Usually the old dogs have always minded there own business until they reach a breaking point and begin to play. It's usually pretty cute; something like a snow speeder trying to take down an ATAT. As long as the little guy isn't whimpering, I think you're fine. It's ok for the older guys to get a little angry because that's how the little guys learn not to cross boundaries.

Pugs seem to develop a great sense of children/puppies and know not to become too agressive. Even if you hear a lot of growling, it's probably not a big deal.

Be prepareed to watch some epic battles as they get closer in size.
posted by Telf at 4:56 PM on January 19, 2007

Watch the puppy with the older dog. We once dog-sat my uncle's 11 year old pug when our pug puppy was about 6 months old. The puppy loved to play with the big dog by nipping at his neck. Big dog patiently put up with this behaviour, until the day puppy ripped a big chunk out of big dog's neck. Fortunately my uncle didn't mind that we returned his dog with significantly less skin than he came with.
posted by crazycanuck at 5:46 PM on January 19, 2007

It is so hard to diagnose "agression" online because it's all in the details. Two dogs can be all over each other making an awful ruckus but it can still be friendly play (like a game of football or rugby) or they can be silent and still but they're ready to kill each other at a moment's notice (like a standoff at high noon). It doesn't help that when dogs play, they usually play at fighting.

Ears up or flattened against their head? Base of the tail up or down? Tail wagging slowly or quickly? Can you see the whites of their eyes? Are their mouths open? Tongues lolling out or more of a grimace? Is the big dog playing down at her level? Is she running away to hide? Do they look relaxed or tense and stiff?

Always practice interrupting their playtime when you feel it's crossing the line. If it isn't aggression, this is the perfect time to practice and build your relationship with your dogs so that they don't learn to ignore you. If it is aggression this is a good first step to redirecting their attention and avoiding that behavior and rewarding good behavior. Wave a biscuit in their face, call them to you, reward them each for sitting nicely and let them return to playing. Practicing this will not only put a limit on how rough they play with each other, it also encourages self control and ensures that you still have verbal control when they are excited. Being able to break up playtime or even aggression before things get out of hand is so important, especially when you have two dogs.
posted by hindmost at 5:51 PM on January 19, 2007 [2 favorites]

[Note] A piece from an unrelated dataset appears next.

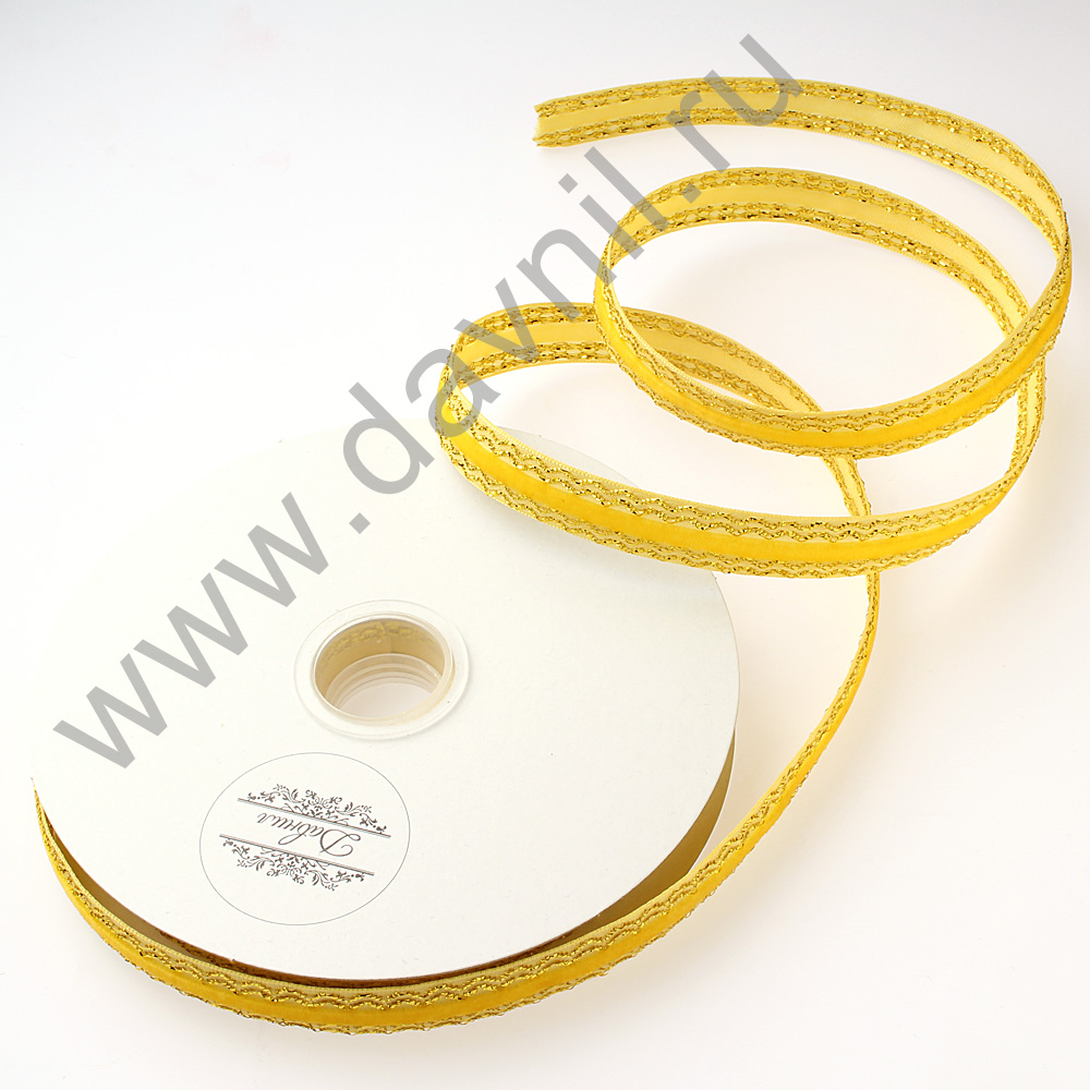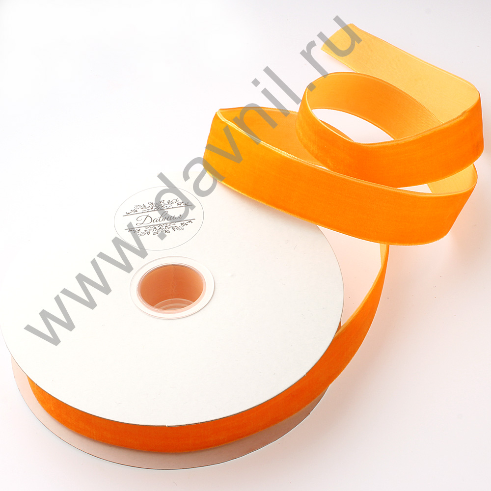 Лента бархатная 1,5 см*15 ярдов жёлтая 18

jpigford (or anyone else): if you don't mind, would you mind talking further about your experiences bringing a new pug into the family? We've got a 3 year old pug (female) and we're probably going to get another pug (male) this spring, and although I've heard *very* positive things about having multiple dogs, I still have some concerns about added responsibilities (does it seem like a lot of extra work? we're both away from home for around 8 hours at a time.) and whether or not it is ok to leave the new puppy at home without crating. Are you crating the new pup, or otherwise separating them while away at work (if applicable)?
posted by fishfucker at 11:11 PM on January 19, 2007

In my experience, pugs are more social than some other breeds. They seem to do best in either multi-dog households or homes where the owners can spend more time with them than most 40-hour-workweek folks can.

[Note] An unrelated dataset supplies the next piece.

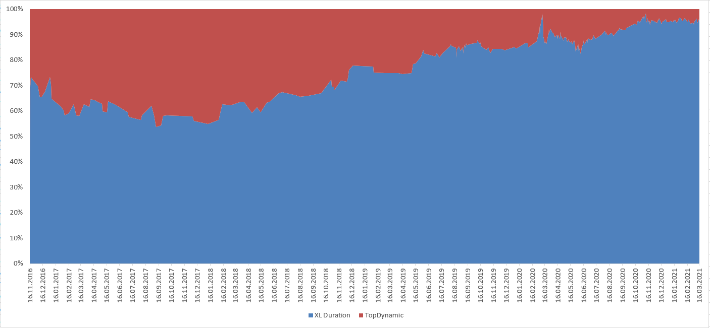 Über die Laufzeit habe ich das Verhältnis (in%) zwischen Rentenfonds und Aktienfonds visualisiert. Man erkennt klar und deutlich, dass der Rentenanteil klar überwiegt und zwar schon immer.

In our house, Ripley the pug shares the house with a tiny zoo. She's crate-trained, saving us from the post-apolypocalypse that the house would be if she were allowed to run amok. Though she's separated from the other household dogs, she's in the same general area, and she seems to enjoy the company, even though at least one of the heelers doesn't always appreciate her bossy presence.

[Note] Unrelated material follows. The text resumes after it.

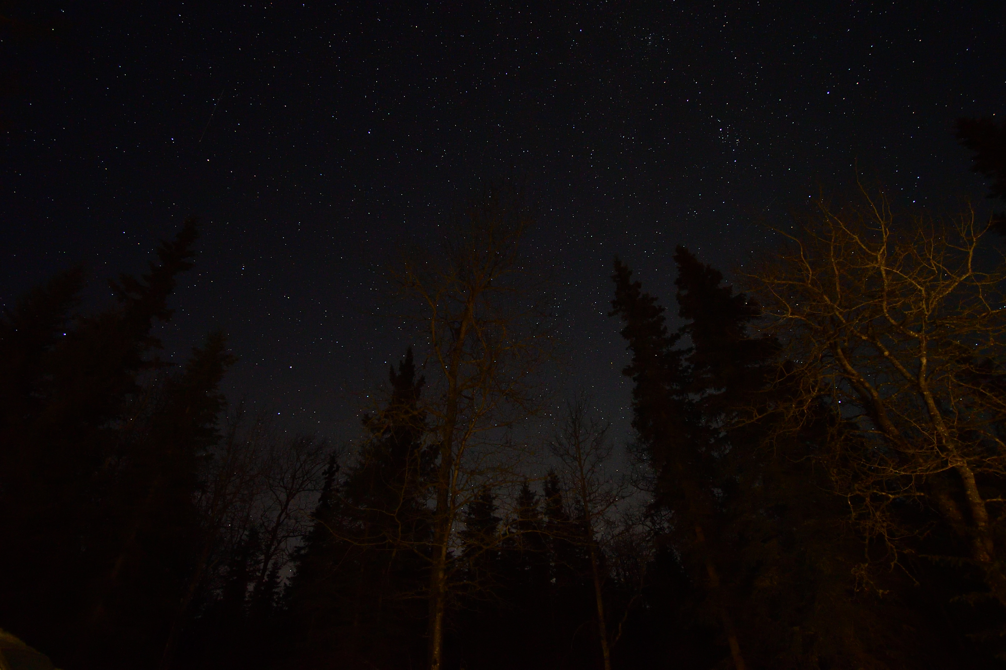 The Big Dipper, right over the group of trees in the driveway that we drive around. Yeah even though it was cold I had to get that shot when I saw it.

Ripley is in the post-gremlin "cough potato" stage, but still managed to rule the house and boss around all the larger life forms. This seems to be a common trait of female pugs.

She is especially aggressive in her interest in puppies and smaller animals of all kinds (the elderly cats resent this). She will sniff at others to the point where they are uncomfortable and begin running, and then it's on.